Technical description
Researchers from the Institute of Information Engineering (Chinese Academy of Sciences), University of Chinese Academy of Sciences, and Beijing Chaitin Technology formalized 'cross-session stored prompt injection' (SPI) as a new system-level attack class distinct from single-session prompt injection. Drawing an explicit analogy to stored XSS in web systems, SPI exploits the fact that modern agentic systems maintain persistent state — memories, filesystems, RAG stores, tool/MCP metadata, and AGENTS.md system prompts — that persists across sessions.
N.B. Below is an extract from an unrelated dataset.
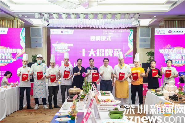 活動(dòng)現(xiàn)場,外婆生煎蝦餅、海膽汁焗龍蝦、竹笙馬蹄椰子雞等42道色香味俱全的佳肴輪番上陣,廚師長各自介紹菜品特色和背后故事,加深活動(dòng)群眾對中華飲食文化的了解。同時(shí),由行業(yè)資深專家組成的評審委員會對參賽作品的口味與質(zhì)感、工藝與火候、創(chuàng)意與實(shí)用、形態(tài)與色澤、營養(yǎng)衛(wèi)生安全等綜合評定打分,最終評選出羅湖十大招牌菜為外婆生煎蝦餅、竹笙馬蹄椰子雞、鴛鴦海中寶、黑胡椒焗波士頓龍蝦、膏蟹基圍蝦砂鍋粥、手工熟牛肉丸、六星燒腩骨、石斛活遼參湯、頭抽浸脆鯇魚、金戈戈香港豉油雞,十大特色菜為三叔烤羅蝦、有機(jī)青稞富貴石榴球、剁椒千島湖有機(jī)魚頭、荷塘蝦趣、蒙式烤羊排、小炒黃牛肉、菊花煲雞湯、潮泰金牌濕炒牛河、姚姚酸菜魚、招牌海南粉,十大名廚為林榮飄、梁文添、區(qū)增貴、杜明福、茍亞強(qiáng)、袁杰軍、劉品繁、張志平、陳煜保、杜保坡。

An attacker who writes adversarial content into any long-lived agent artifact (via an ordinary interaction, document upload, or web content retrieval) causes that malicious instruction to be reincorporated into downstream agent execution contexts across future sessions, users, and tasks — long after the attacker's interaction has ended. The paper provides a formalized taxonomy, benchmark, and sandbox toolkit with quantitative attack success measurements across models, attack goals, and persistence channels.
Attack vector
Attacker writes adversarial content into persistent agent state through any available input channel (user query, document, web page, tool output). The content persists in agent memory, RAG databases, filesystem artifacts, or tool metadata. In future sessions — potentially involving different users or tasks — the agent's context construction incorporates the stored instruction, triggering malicious behaviour without any further attacker interaction. Injection and exploitation are temporally decoupled, making detection far harder than real-time injection.
Affected systems
Any agentic system with persistent cross-session state: agents using long-term memory (MemGPT-style), RAG-backed knowledge bases, shared filesystems, MCP tool metadata, or AGENTS.md-style system prompts. Multi-user agent deployments are highest risk since a single stored injection can affect all subsequent users. Tested across multiple production LLMs.
Mitigation
Architectural controls suggested: (1) provenance tagging for all content written to persistent agent state, distinguishing authoritative system prompts from user/external input; (2) access controls and integrity verification on long-term memory stores and RAG knowledge bases; (3) sanitization boundaries between what gets written to persistent state vs. what gets elevated to privileged context slots; (4) routine adversarial testing of agent memory and persistent state stores. The benchmark and sandbox toolkit released alongside the paper can be used for continuous evaluation.